The confusion is understandable. Many professionals in the field—yours truly included—regularly switch between the two terms or simply use the wrong one. Why? More on that shortly. First let us inquire, what is the difference between cybersecurity and information security?
Allow me to provide a non-technical analogy.
Everybody knows what a dog is, right? (One is sleeping next to me as I write this.) Regularly, we refer to dogs as canines. In fact, we act as if canine is simply a fancy word for dog. Here’s the thing… Dogs and canines aren’t necessarily the same thing. Sure, dogs are canines. But wolves, coyotes, and jackals are canines too. Yet when a police cruiser labeled “K-9 Unit” drives by, you would never expect a 120-pound wolf to stick its head out the window. Yet, despite the inaccuracy we still regularly treat dog and canine as synonyms in English.
In this analogy cybersecurity is the dog and information security is the canine. Cybersecurity involves confidentiality, integrity, and availability—known as the CIA Triad—for computer systems and networks.

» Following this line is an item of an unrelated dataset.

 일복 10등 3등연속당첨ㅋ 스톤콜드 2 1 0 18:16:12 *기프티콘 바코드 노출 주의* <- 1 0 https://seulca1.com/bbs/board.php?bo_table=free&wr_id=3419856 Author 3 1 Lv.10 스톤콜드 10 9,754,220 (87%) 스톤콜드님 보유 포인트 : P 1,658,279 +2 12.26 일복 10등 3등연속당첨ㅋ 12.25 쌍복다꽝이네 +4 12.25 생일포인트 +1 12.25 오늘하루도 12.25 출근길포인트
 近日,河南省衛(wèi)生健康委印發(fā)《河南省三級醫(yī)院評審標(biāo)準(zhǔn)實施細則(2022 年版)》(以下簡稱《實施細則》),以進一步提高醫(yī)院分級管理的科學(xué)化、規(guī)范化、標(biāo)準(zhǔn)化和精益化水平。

Information security is broader, encompassing domains such as identity and asset management (IAM), security assurance, security architecture, and more. Cybersecurity is part of information security, but information security is bigger than just cybersecurity.
So why do professionals in the field mix the two up? Largely because cybersecurity has developed a brand and awareness. Everyone has heard of cybersecurity nowadays. Even if they cannot explain precisely what cybersecurity is, they know it has to do with stopping bad guys on computers. It took a few decades for cybersecurity to enter the public’s consciousness. Thus it’s simpler to say cybersecurity, when you really mean information security.

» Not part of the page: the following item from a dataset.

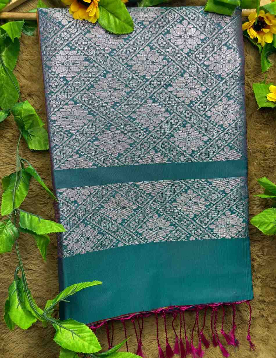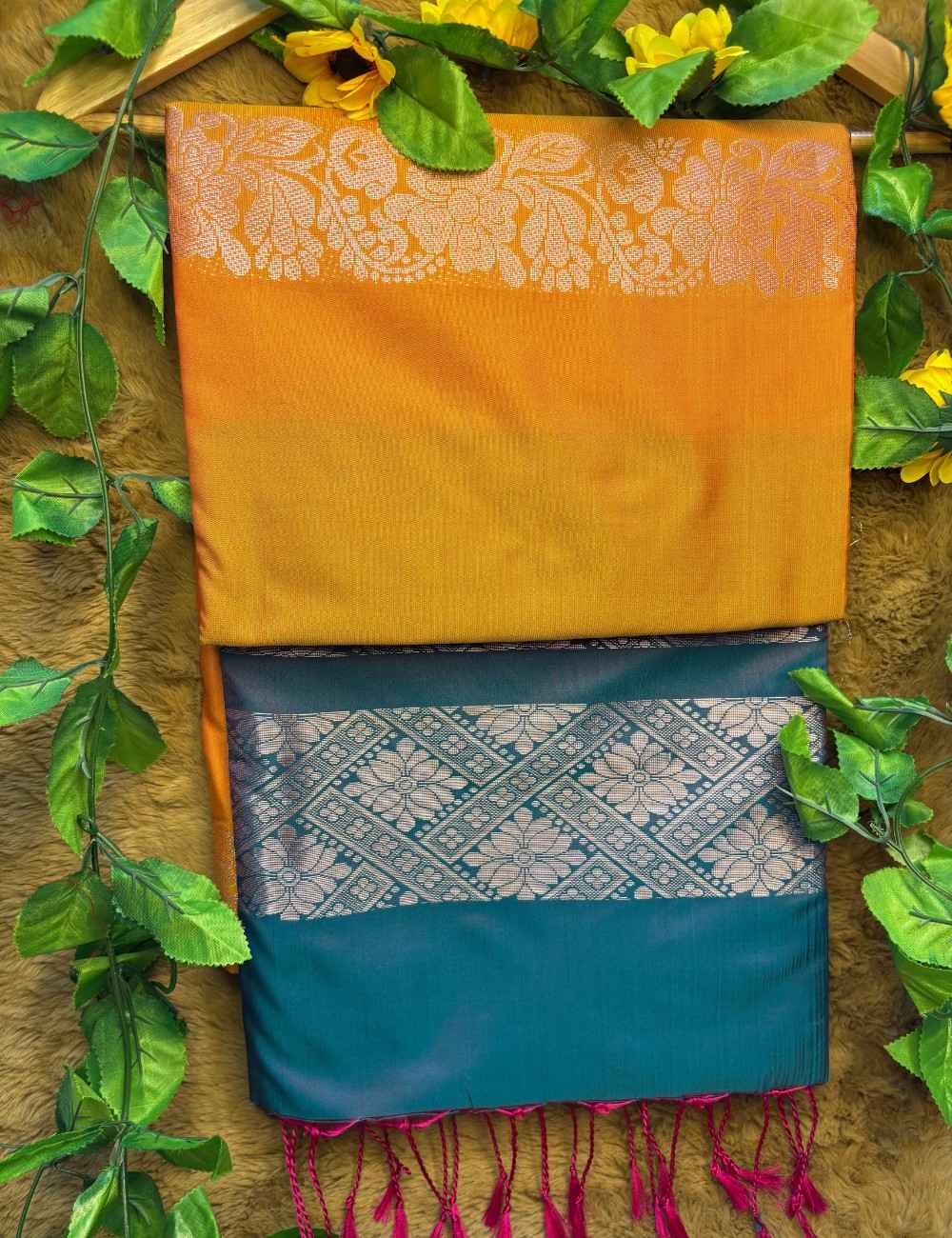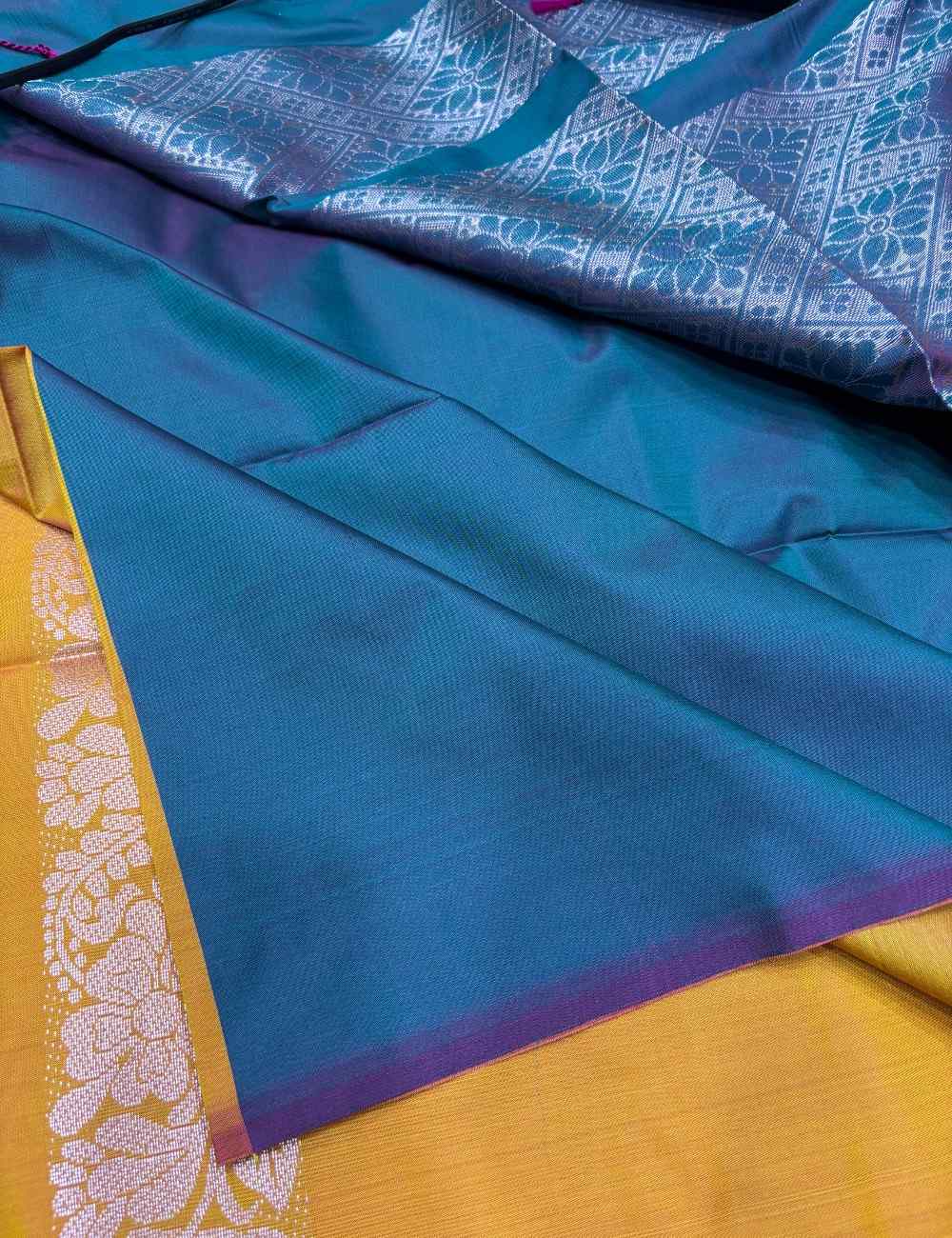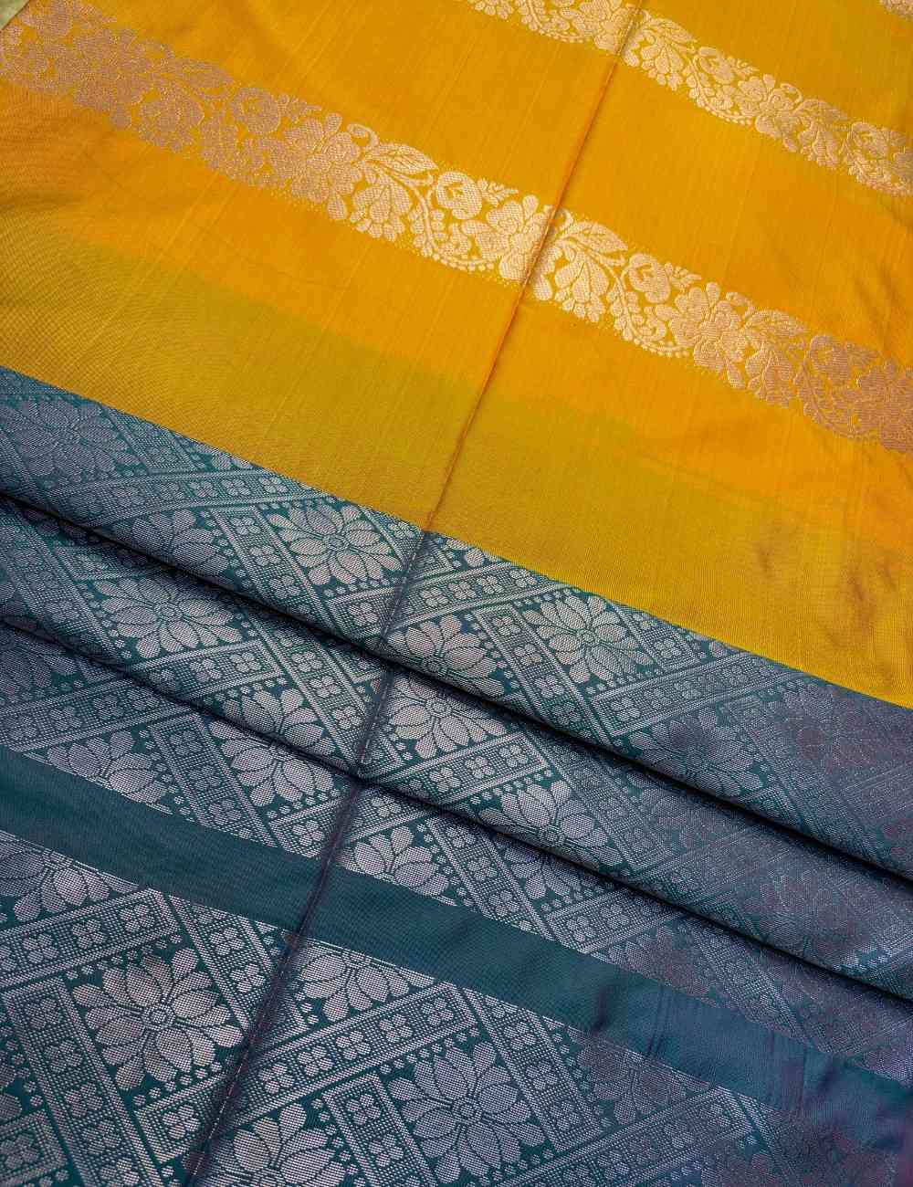 This saree celebrates luminous contrast and intricate craftsmanship. The yellow body glows with gold floral detailing, exuding warmth and festivity. The deep teal pallu and blouse introduce a jewel-toned richness, woven with silver motifs in floral and grid-like geometric patterns.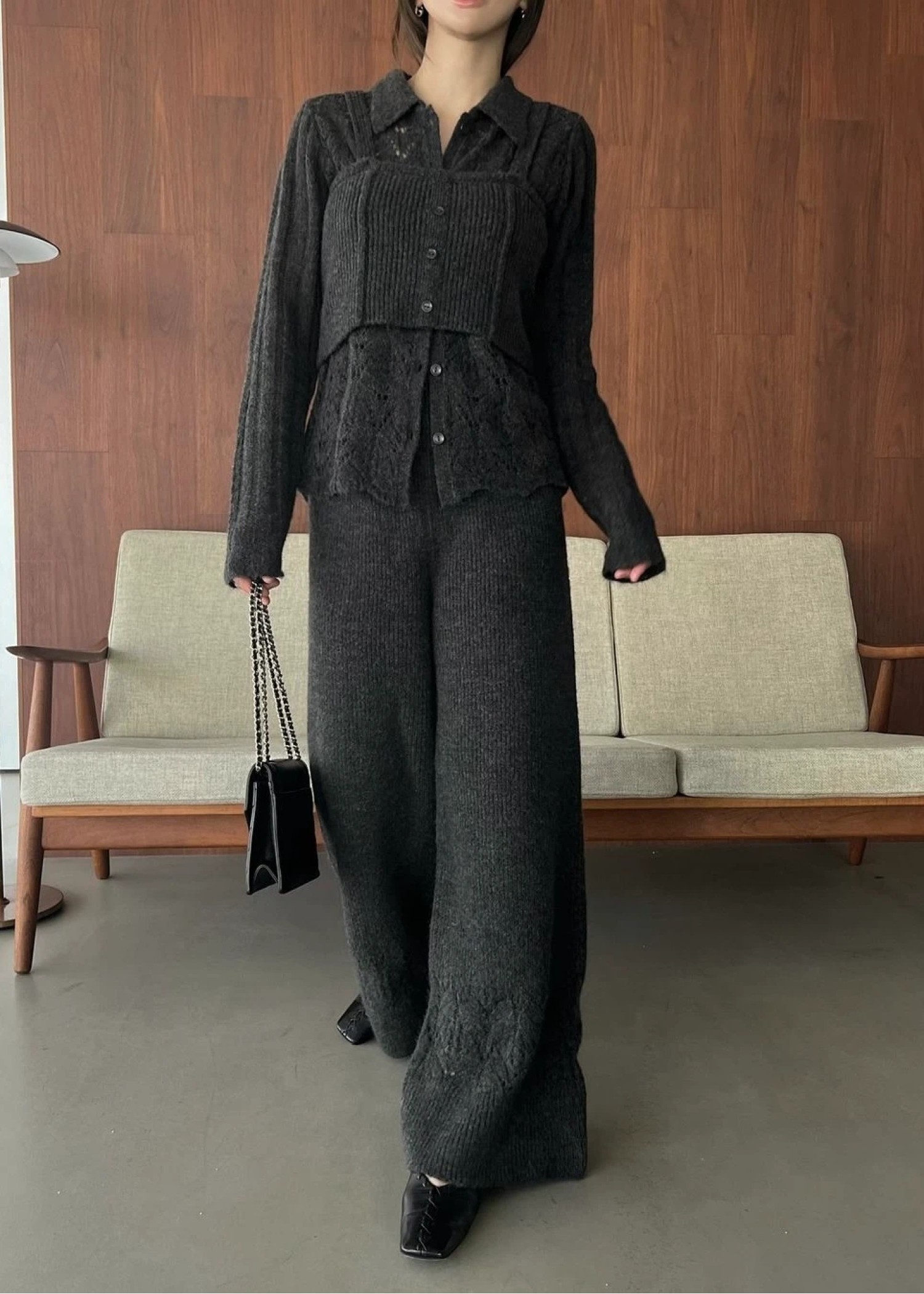 switching hem sheer crochet knit PT

Cybersecurity is part of information security, but information security is bigger than just cybersecurity.
To be fair, as people move around in their career, they may move from a cybersecurity role to an information security role, then back to another cybersecurity role. Of note however, the top job in this field is called the Chief Information Security Officer (CISO), not the Chief Cybersecurity Officer.
While professionals in the field are capable of in-depth discussions about the difference between cybersecurity and information security, rest assured that our friends and families have little interest in hearing them. Thus, if you bump into us at a barbecue, we’re likely to just say we work in cybersecurity. Even though we know, it’s an imperfect answer.